I've recently started practicing qigong more often than I used to and I'm getting some nice martial benefits from the practice.
For one it helps me really connect the mind with the body, helping me feel my own body at higher level than I used to, This it turn, I feel, gives me better root and more power through smoother kinetic linking and clearer intent.


----------



## anshume1 (Oct 5, 2010)

Well,I am 30 yrs of age now and have been practising martial arts since I was 10 yrs of age.Over the yrs I have learnt a lot of different styles and I can feel that I have evolved. However,I do feel that martial art is incomplete without sparring. Sparring is the soul of MA. 
As of now, I am more into what Bruce Lee used to say- Hack away the unessentials. So my daily routine is only practising whats going to help me in my spar and then sparring for long periods. It helps immensely !
At this age, I am going to start learning boxing as I feel that will give me an edge with the punches and also Judo. I feel these are the 2 attributes that I need to still work on.


----------



## wtxs (Oct 5, 2010)

anshume1 said:


> Well,I am 30 yrs of age now and have been practising martial arts since I was 10 yrs of age.Over the yrs I have learnt a lot of different styles and I can feel that I have evolved. However,I do feel that martial art is incomplete without sparring. Sparring is the soul of MA.
> As of now, I am more into what Bruce Lee used to say- Hack away the unessentials. So my daily routine is only practising whats going to help me in my spar and then sparring for long periods. It helps immensely !
> At this age, I am going to start learning boxing as I feel that will give me an edge with the punches and also Judo. I feel these are the 2 attributes that I need to still work on.
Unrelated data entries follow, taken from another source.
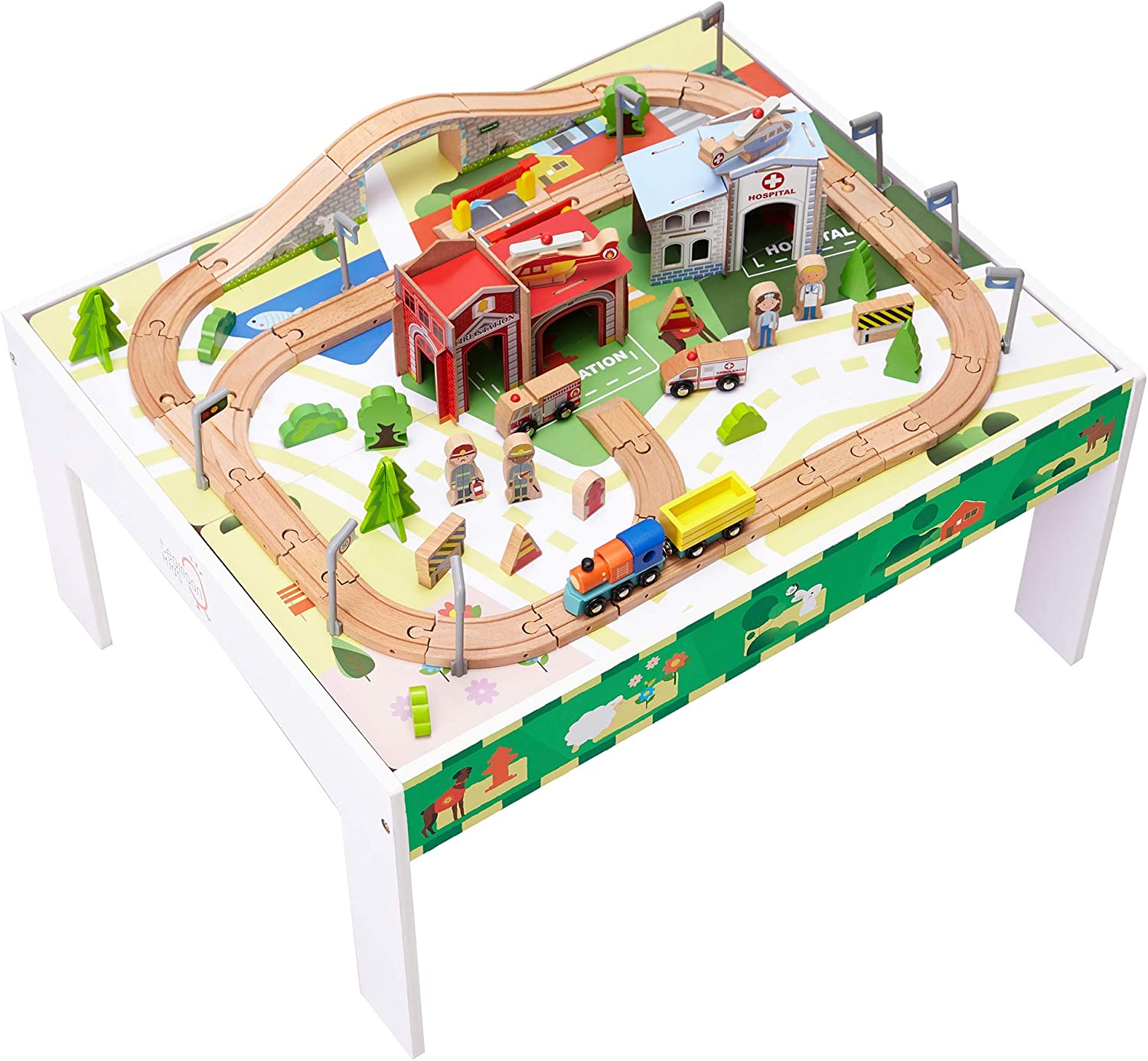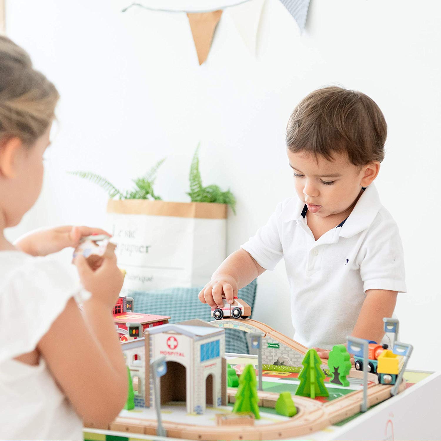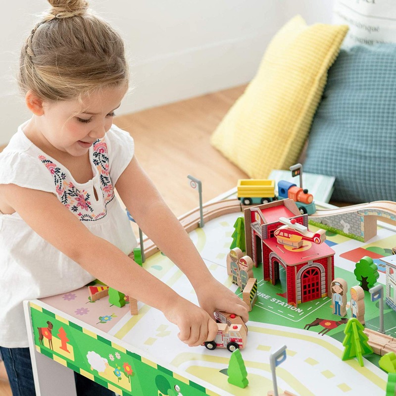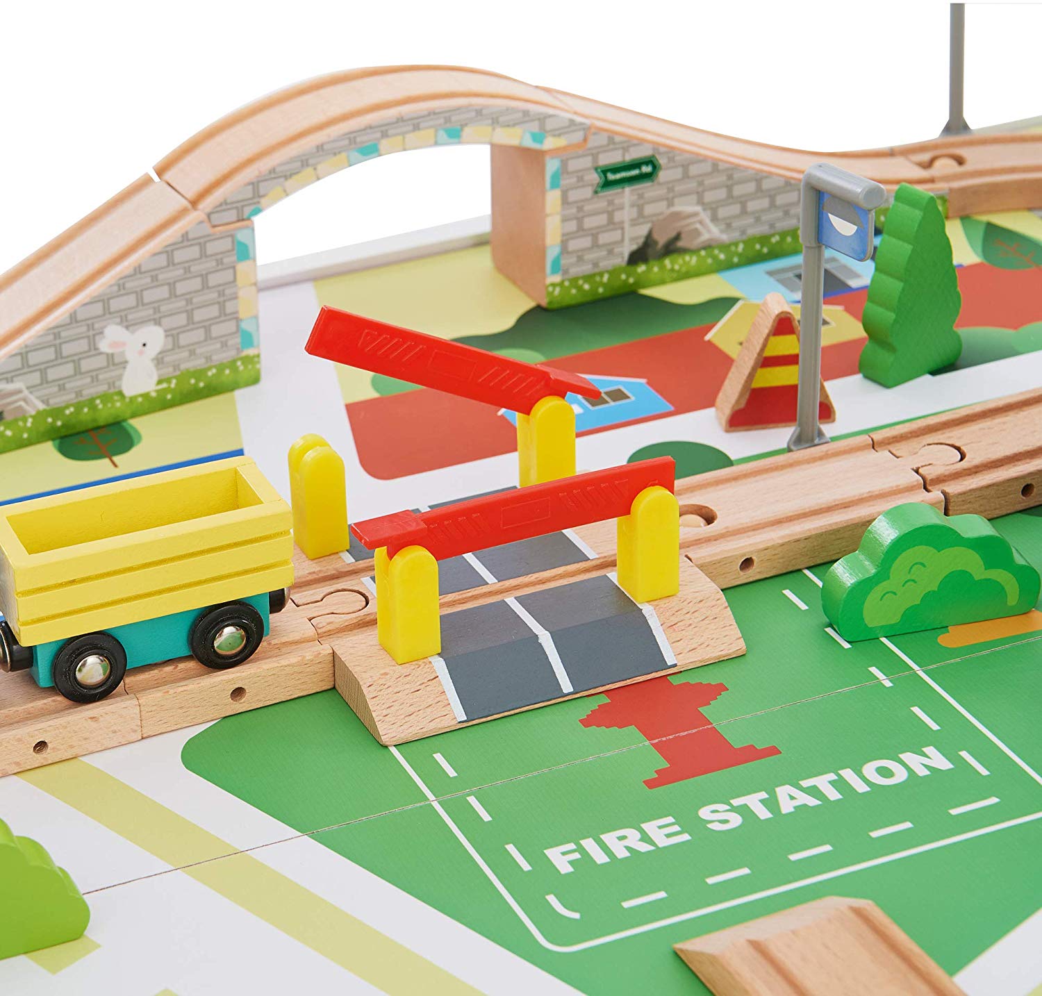 Set trenulete accesorii / Green City Train Set cu masuta de joaca - pe doua nivele, cu diverse trasee si puncte de interes si o multime de accesorii.
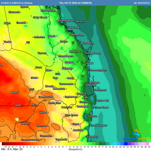 ACCESS surface dew points for Thursday afternoon (12z vs 00z run). It's subtle - but moisture is edging a little further inland which is increasing the chance of storm activity. Source: MetCentre
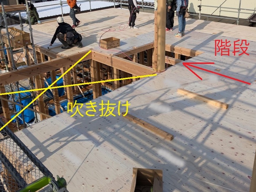 階段は吹き抜けであり水平耐力は無いので、床構面の検討は必須。
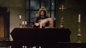 Luego utilizaron montajes religiosos para hacer fotos como un altar y un confesionario. Asimismo, la "producción" incluye un desnudo de Vanucci mientras una pareja reta a un niño.
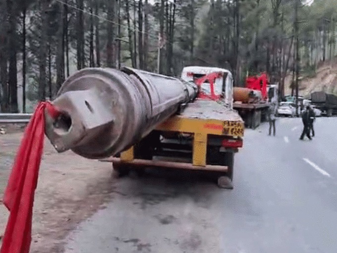 पहाड़ी पर पहुंचाई जा रही ड्रिल मशीन
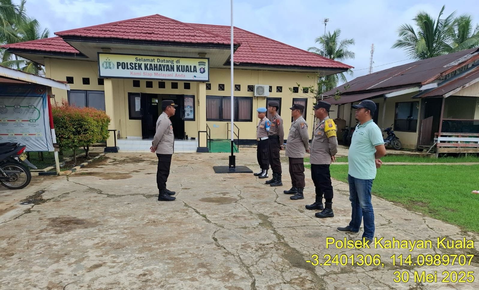 Polres Pulang Pisau- Polsek kahayan kuala, Resor Pulang Pisau, Polda Kalteng, melakukan kegiatan rutin berupa Apel guna Penyampaian Arahan dari Pimpinan teratas terkait pelaksanaan tugas di wilkum Polsek kahayan kuala, kabupaten pulang pisau, Jum’at (30/05/2025) Jam 07.00 Wib.
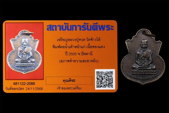 เหรียญหลวงปู่ทวด วัดช้างให้ รุ่น 3 พิมพ์ก้อนเมฆ เนื้ออัลปาก้า ปี พ.ศ. 2504 สภาพตามบัตรรับรอง |
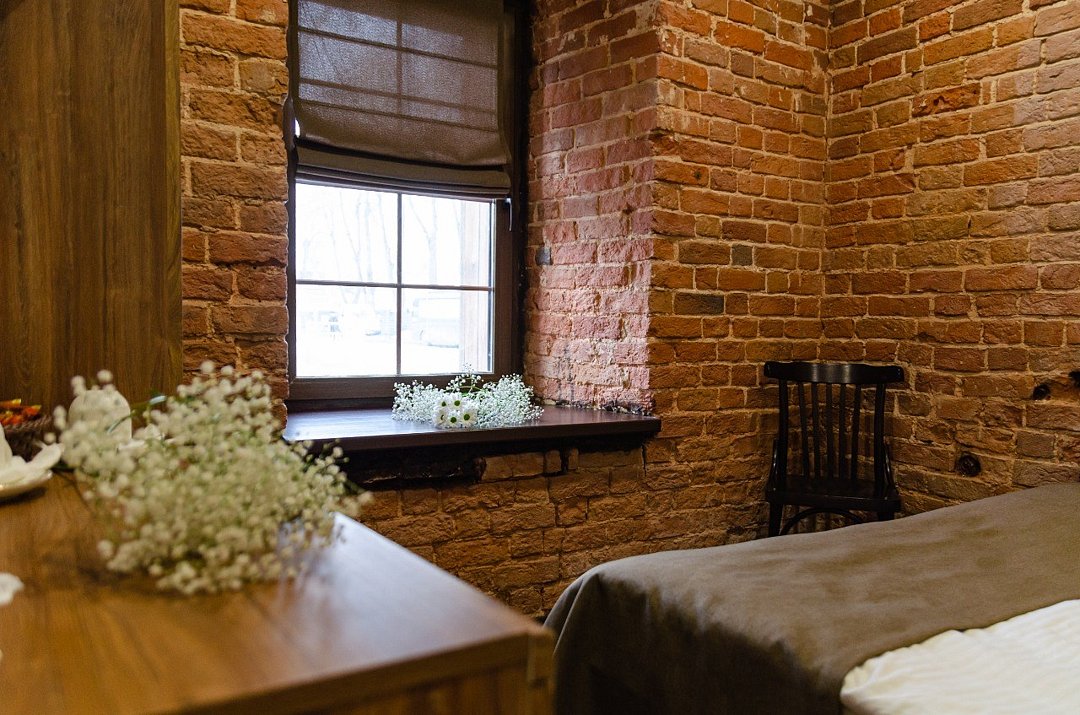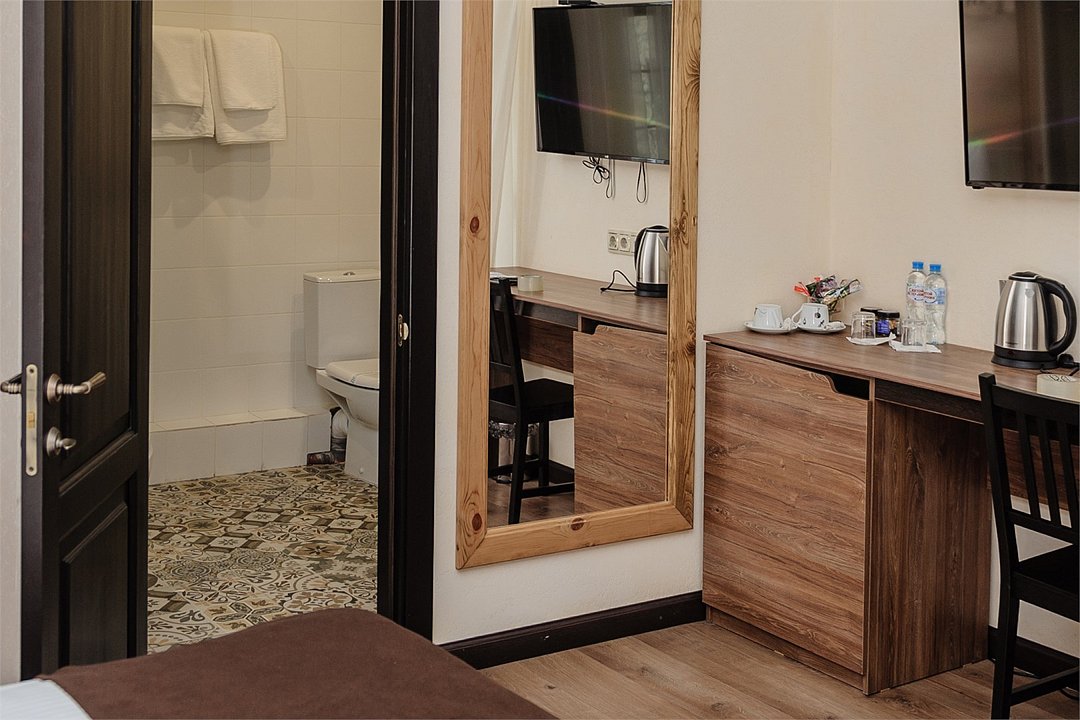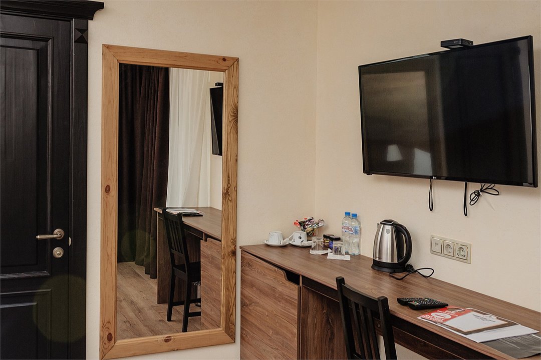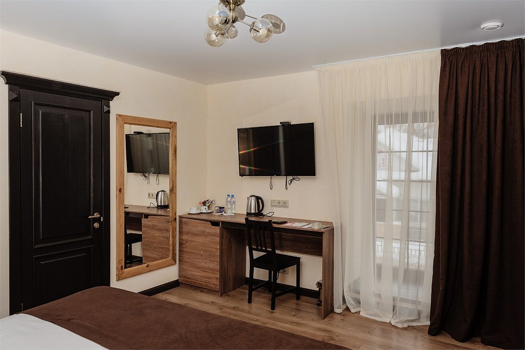 Полулюкс на двоих – это большой и красивый номер, оснащенный всем, что требуется для комфорта. В центре комнаты, оформленной в приятных бежевых тонах, расположена просторная двуспальная кровать с качественным современным матрасом. Постель заправлена приятным на ощупь белоснежным бельём. Помимо этого, в комнате находится вместительный шкаф, прикроватные тумбочки, зеркало, стул и письменный стол, надежный сейф, мини бар и телевизор с плоским экраном. В полулюксе вы найдёте просторный санузел с тумбочкой для косметики и прочих принадлежностей, душевой кабиной и зеркалом. Для каждого гостя нашего мини отеля предоставляются тапочки, полотенца и комплект фирменной косметики для душа на две персоны. Площадь номеров данной категории 30 м2.Услуги и удобства

Welcome on board and stay for awhile.opcorn:


----------



## anshume1 (Oct 6, 2010)

wtxs said:


> Welcome on board and stay for awhile.opcorn:



Thanks WTXS..I intend to do that  And I hope to learn and gain from all the members here.

Thanks & Cheers
Amit ( from India )


----------



## ella_guru (Oct 6, 2010)

I admit that I have sort of an addiction to making my form and technique as clean as possible. I have loads of fun doing that in and of it self.

But lately I've been really wanting to get my crisis management figured out, how to deal with a true blue attacker, so I've been looking to just flat out spar (friendly) with anyone I can and just be humble about it and learn what I can.

So I guess technician with recent steps towards realist.

So fun!!!!


----------